PROBLEM - Exactly the lines below from the line with "Woman's Hand gesture" through the line with "- Objevování: Pokračujeme" must make up the answer, both ends included and pictures left out.

*** RECORDS TO PROCESS

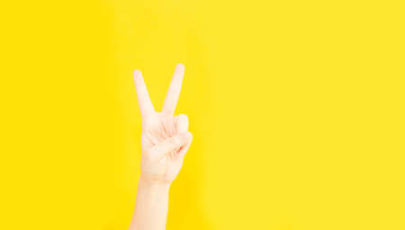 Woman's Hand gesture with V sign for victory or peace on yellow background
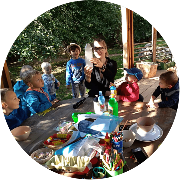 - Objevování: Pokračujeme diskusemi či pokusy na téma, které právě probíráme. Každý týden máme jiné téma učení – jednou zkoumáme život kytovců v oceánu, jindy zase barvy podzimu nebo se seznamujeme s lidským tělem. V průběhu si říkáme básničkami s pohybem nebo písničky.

******
*** RECORDS TO PROCESS

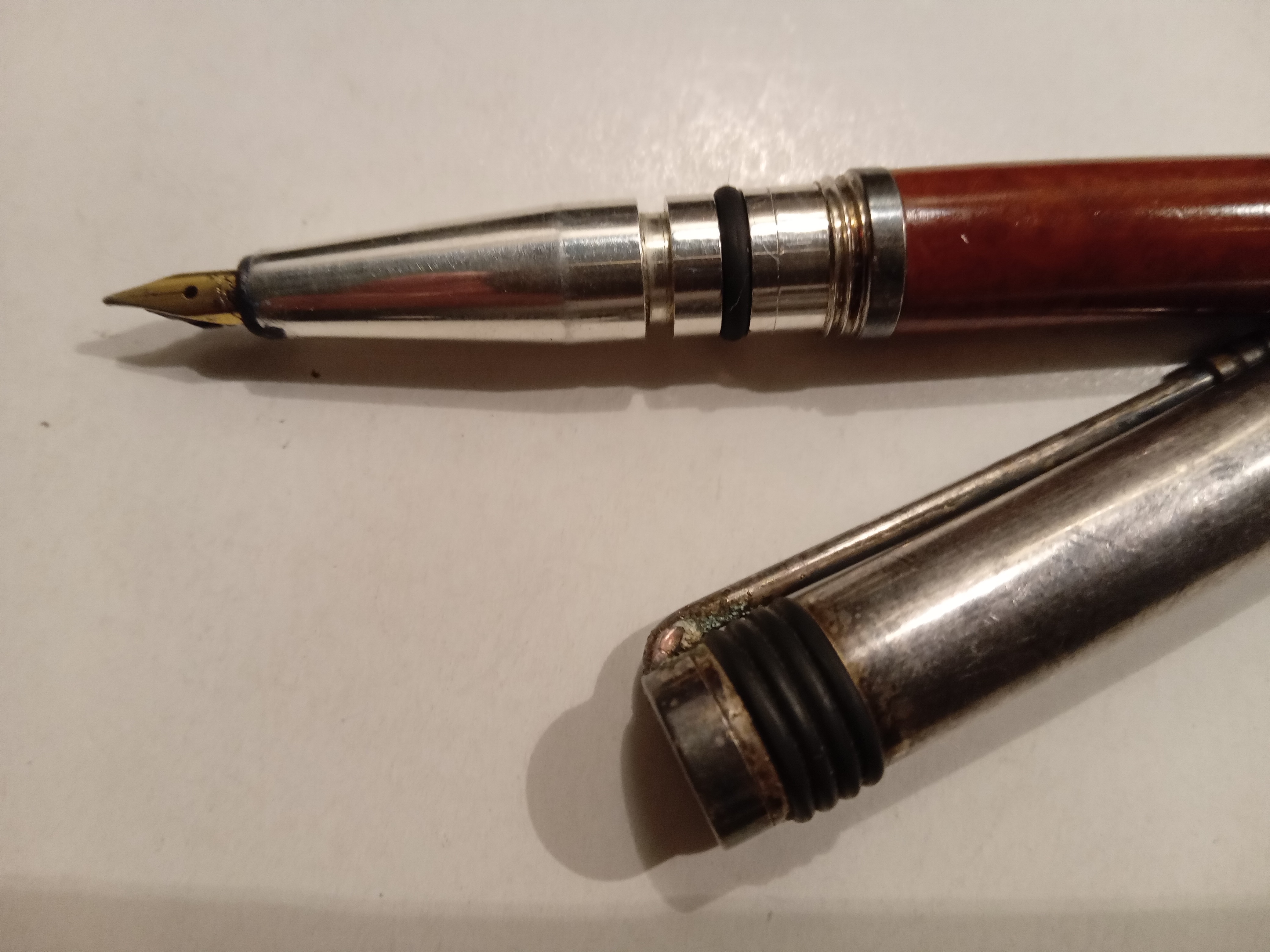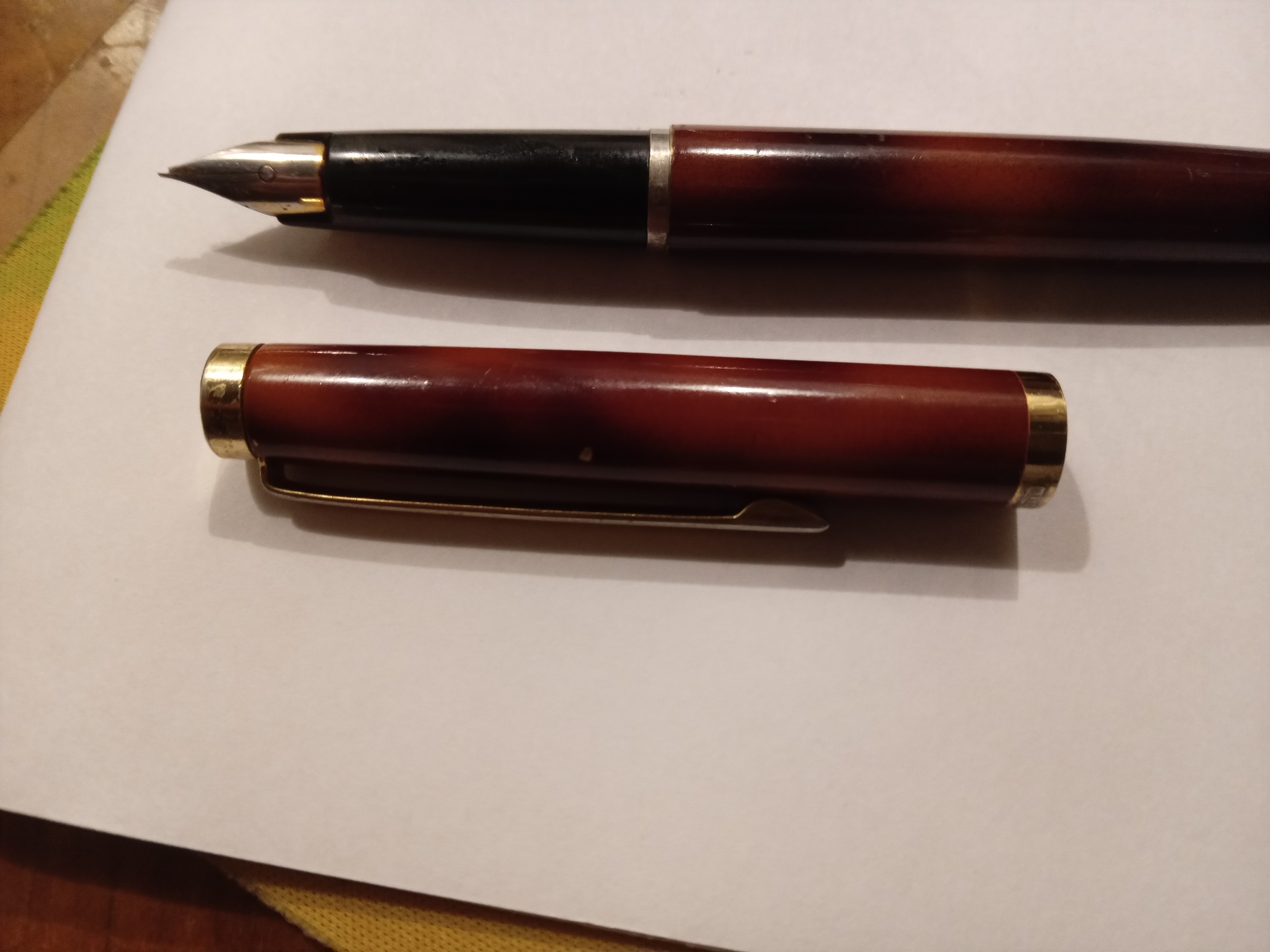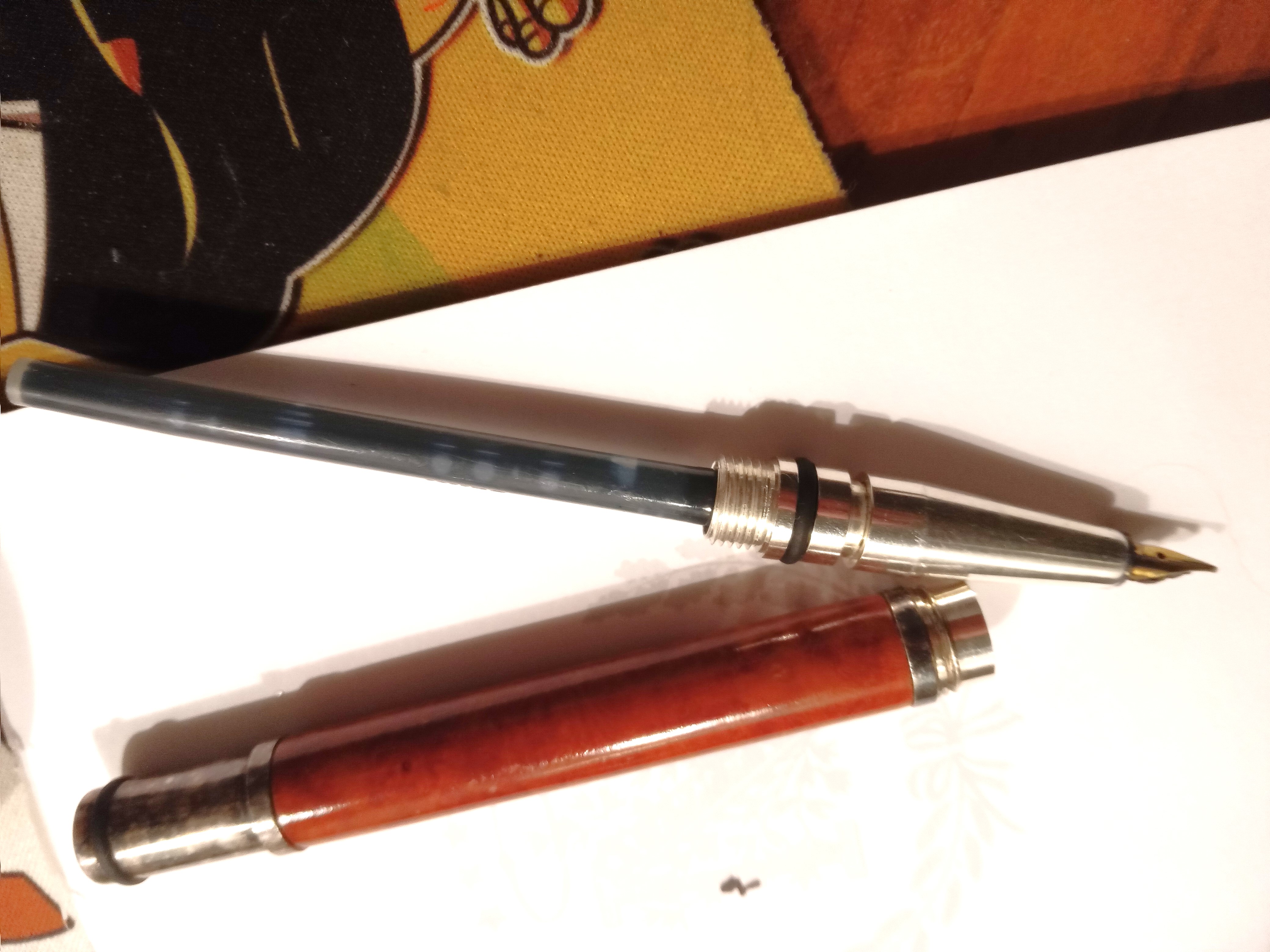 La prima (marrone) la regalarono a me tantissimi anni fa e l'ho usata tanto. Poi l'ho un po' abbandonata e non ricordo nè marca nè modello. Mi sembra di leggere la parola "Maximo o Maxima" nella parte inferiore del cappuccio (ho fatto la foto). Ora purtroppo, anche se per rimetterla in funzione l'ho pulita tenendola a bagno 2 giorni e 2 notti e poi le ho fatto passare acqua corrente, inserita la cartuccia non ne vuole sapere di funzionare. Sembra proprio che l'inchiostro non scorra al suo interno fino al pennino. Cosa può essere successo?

******
*** RECORDS TO PROCESS

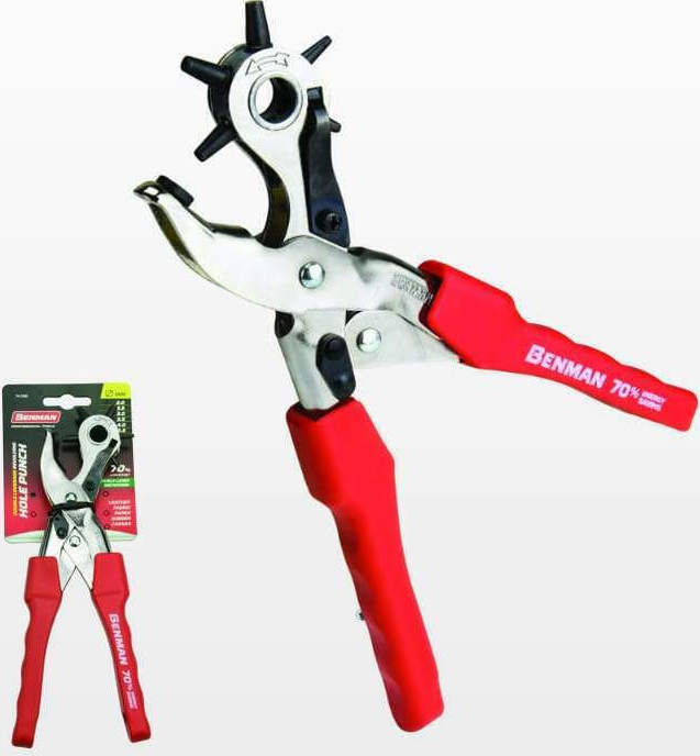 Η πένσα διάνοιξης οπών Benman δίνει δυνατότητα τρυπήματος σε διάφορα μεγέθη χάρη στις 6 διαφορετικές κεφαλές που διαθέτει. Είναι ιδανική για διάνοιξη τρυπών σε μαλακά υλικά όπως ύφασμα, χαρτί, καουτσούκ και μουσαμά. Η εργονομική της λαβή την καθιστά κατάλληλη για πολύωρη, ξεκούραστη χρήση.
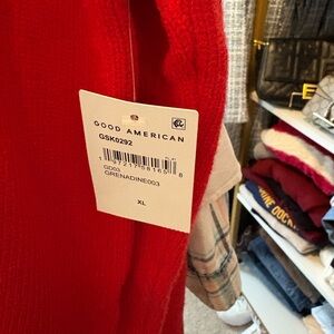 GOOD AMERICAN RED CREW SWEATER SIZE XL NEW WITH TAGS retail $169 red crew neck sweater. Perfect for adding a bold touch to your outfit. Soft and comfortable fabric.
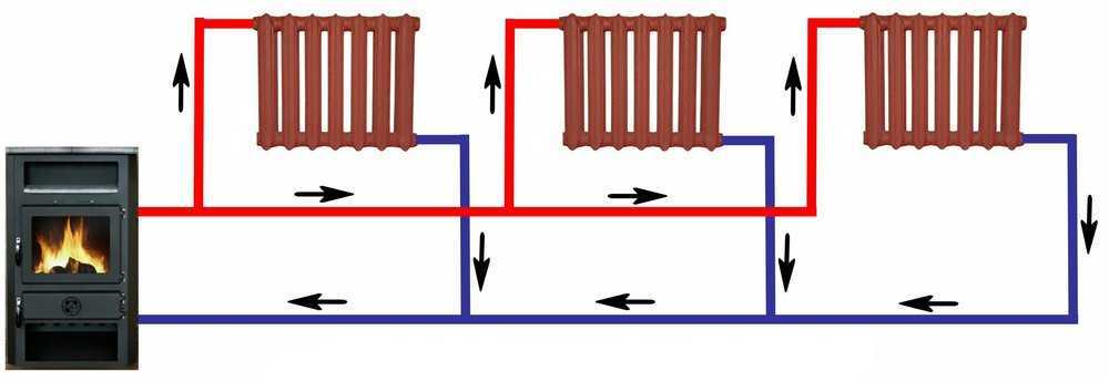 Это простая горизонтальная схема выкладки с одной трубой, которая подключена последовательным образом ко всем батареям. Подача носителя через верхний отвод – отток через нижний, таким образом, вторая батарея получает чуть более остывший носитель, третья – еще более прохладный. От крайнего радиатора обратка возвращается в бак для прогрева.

******

ANSWER BELOW -
 Woman's Hand gesture with V sign for victory or peace on yellow background
 - Objevování: Pokračujeme diskusemi či pokusy na téma, které právě probíráme. Každý týden máme jiné téma učení – jednou zkoumáme život kytovců v oceánu, jindy zase barvy podzimu nebo se seznamujeme s lidským tělem. V průběhu si říkáme básničkami s pohybem nebo písničky.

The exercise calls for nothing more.